The Clinical Research curriculum represents the first and, so far, only master’s program in Italy aimed at equipping students with the comprehensive knowledge necessary to perform essential and prominent roles in the field of clinical trials (such as Data Manager, Clinical Research Associate, Clinical Research Coordinator, etc.).
The course requires students to acquire an in-depth understanding of the principles of clinical research and development, as well as the methodological aspects needed to ensure the validity of the data generated.
Students who choose the clinical research curriculum will also gain a general knowledge of regulatory matters, which is essential for navigating the complex authorization procedures involved in clinical trials of medicinal products for human use.
The program will thoroughly discuss the main characteristics of a correct quality system applied to clinical trials to guarantee data reliability as required by Good Clinical Practices.
Additionally, the curriculum in clinical research provides comprehensive knowledge in pharmacovigilance, regulations concerning medical devices, pharmacoeconomics, clinical trial monitoring, ethics in clinical research, pharmaceutical company organization, key roles and activities within a medical department, and digital therapies.

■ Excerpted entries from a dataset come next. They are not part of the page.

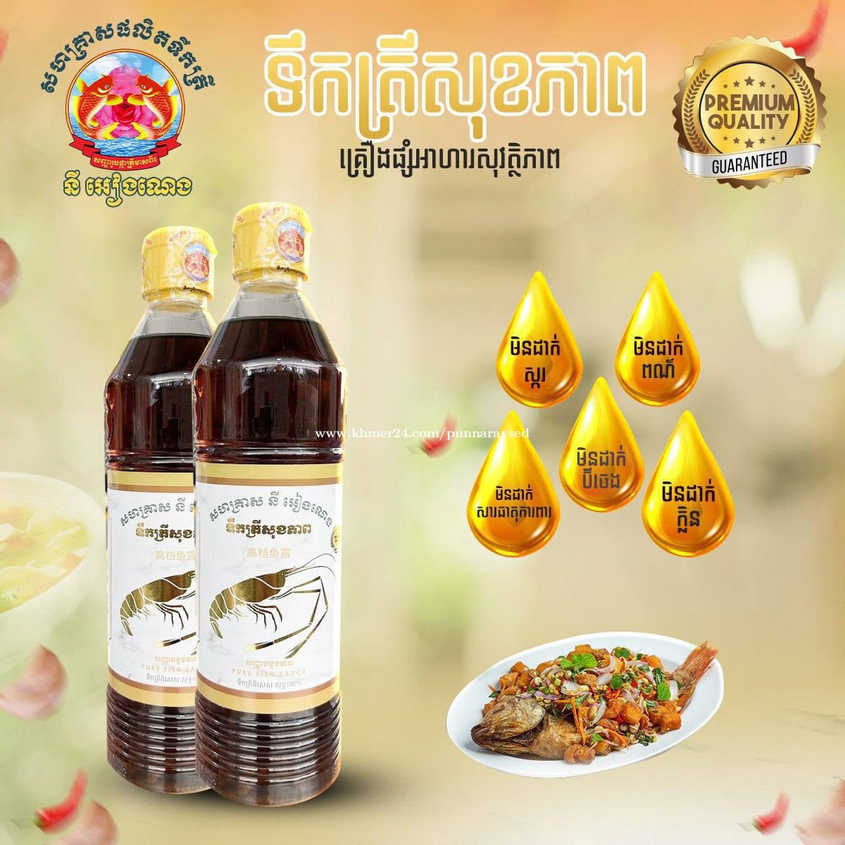 អ្នកម៉ាក់ឆ្លាតវៃ ត្រូវមានទឹកត្រីសុខភាពក្នុងផ្ទះ ជាពិសេសបងប្អូនខ្មែរអុីស្លាមអាចបរិភោគបាន -មិនដាក់ក្លិន -មិនដាក់សាធាតុការពារ -មិនដាក់ប៊ីចេង -មិនដាក់ពណ៏ -មិនដាក់ស្ករ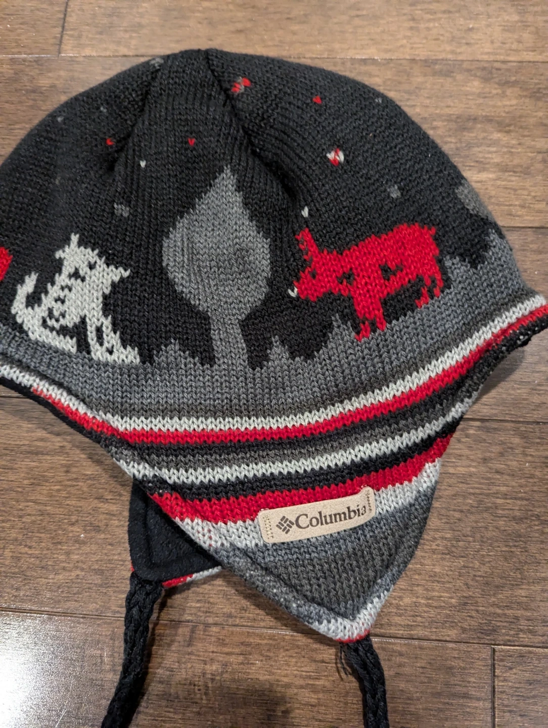This kid Columbia knit winter hat features a fun woodland animal print. It has ear flaps with tassels for extra warmth. The inside lining is designed for added insulation.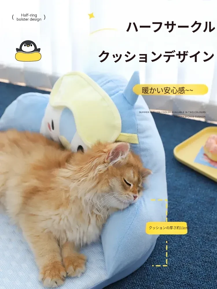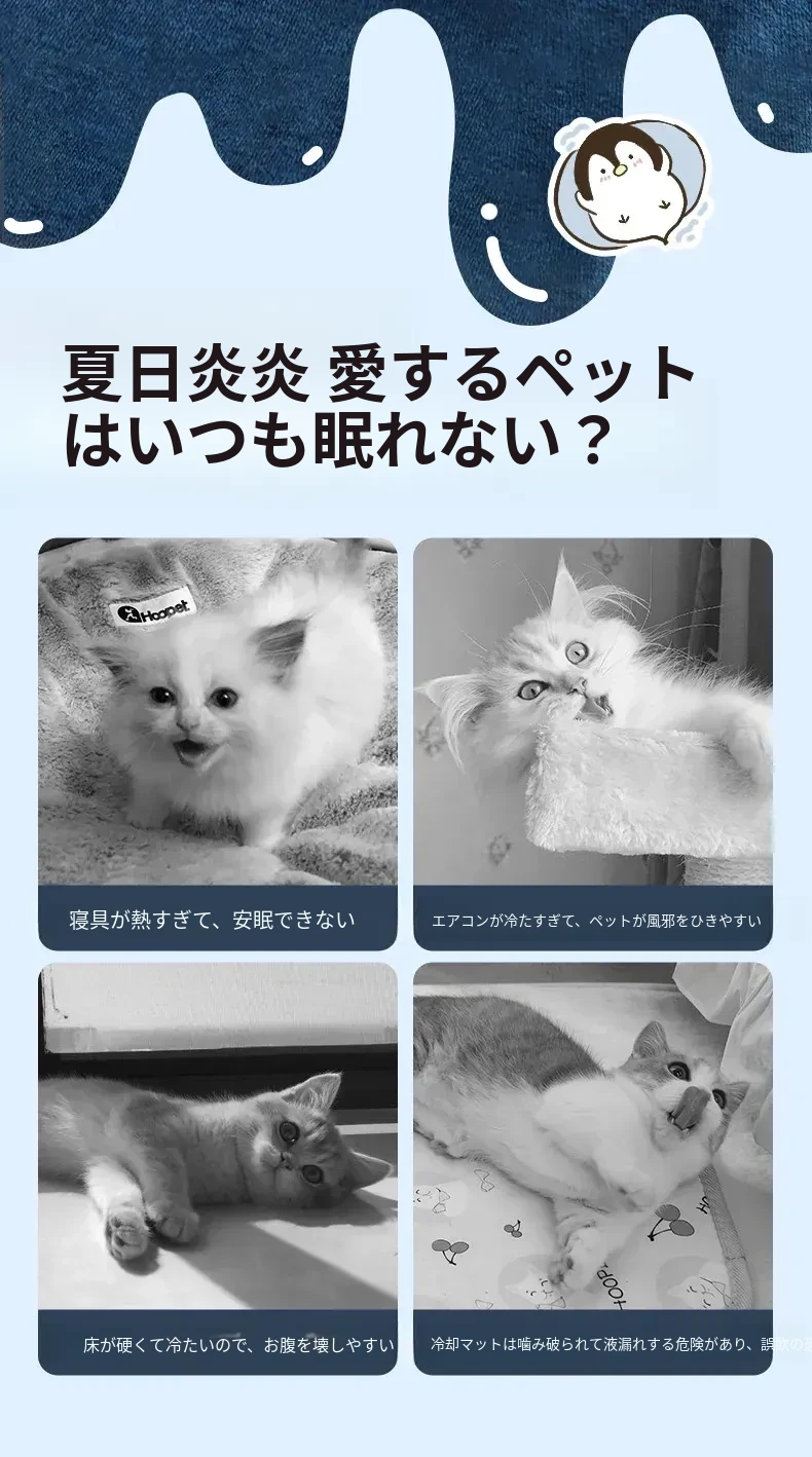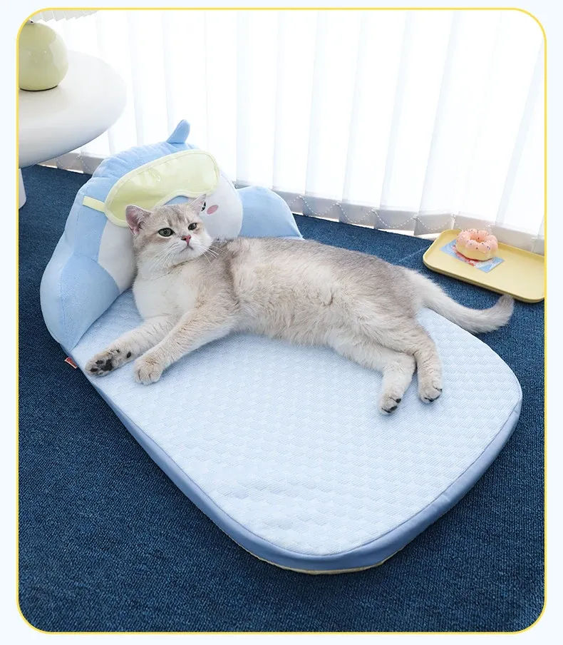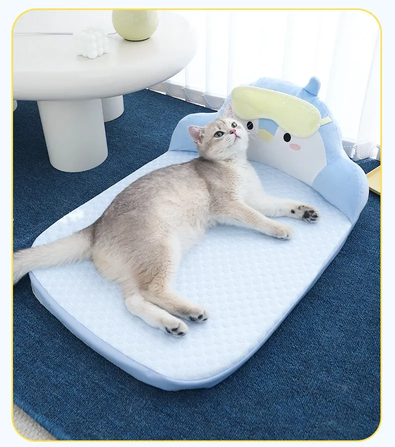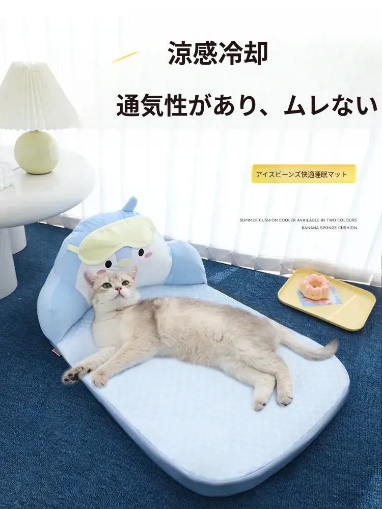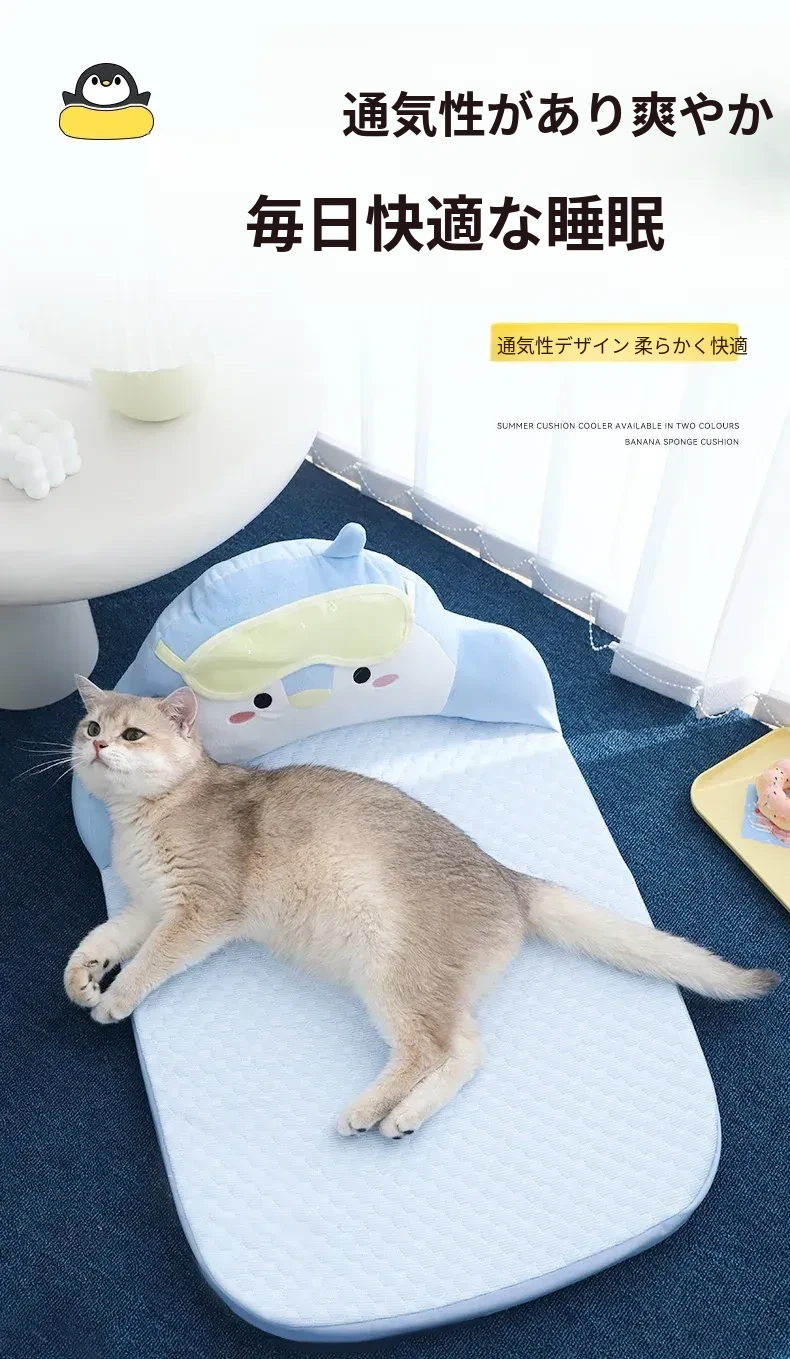 猫用四季対応クールマット - 夏の暑さを和らげる快適なペットベッド!愛猫を涼しく守る、通気性抜群のクッションマットです。

The uniqueness of this curriculum is further enhanced by the distinctive composition of the faculty, which includes numerous professionals with direct experience in clinical research and the pharmaceutical sector, as well as support for post-graduation placement.
Placement and Work
Notably, data from Almalaurea over the past four years shows that 100% of our Biotechnology graduates report being engaged in paid employment or training activities three years after graduation.
Even more remarkable are the placement results for students of the Clinical Research curriculum, with almost all securing paid employment within a few months of graduation!